WORK INSTRUCTION:
Give back the lines below verbatim, omitting all pictures.

DATA SEGMENT:
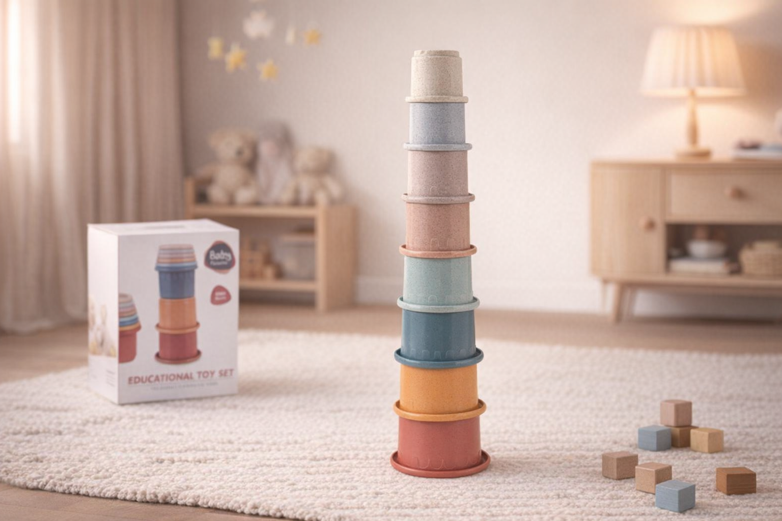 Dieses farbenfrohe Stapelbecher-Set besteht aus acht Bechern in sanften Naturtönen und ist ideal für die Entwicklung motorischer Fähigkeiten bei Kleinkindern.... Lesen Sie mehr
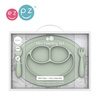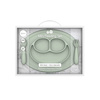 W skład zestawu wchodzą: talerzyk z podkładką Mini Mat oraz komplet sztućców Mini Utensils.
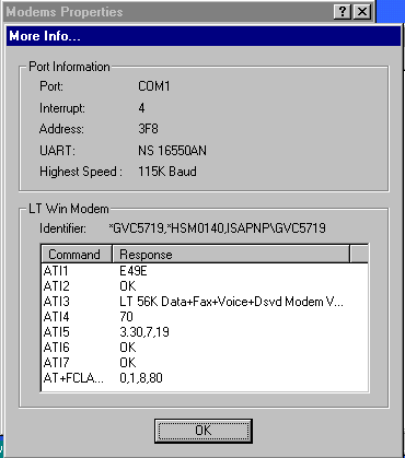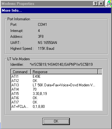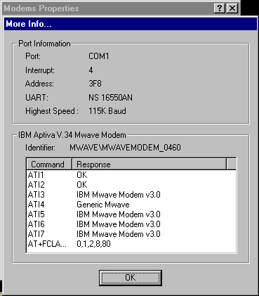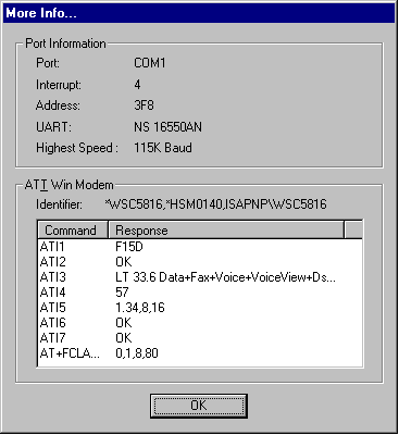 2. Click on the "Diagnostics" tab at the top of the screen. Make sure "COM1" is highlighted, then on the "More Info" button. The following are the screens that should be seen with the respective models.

YOUR SOLUTION:
 Dieses farbenfrohe Stapelbecher-Set besteht aus acht Bechern in sanften Naturtönen und ist ideal für die Entwicklung motorischer Fähigkeiten bei Kleinkindern.... Lesen Sie mehr
 W skład zestawu wchodzą: talerzyk z podkładką Mini Mat oraz komplet sztućców Mini Utensils.
 2. Click on the "Diagnostics" tab at the top of the screen. Make sure "COM1" is highlighted, then on the "More Info" button. The following are the screens that should be seen with the respective models.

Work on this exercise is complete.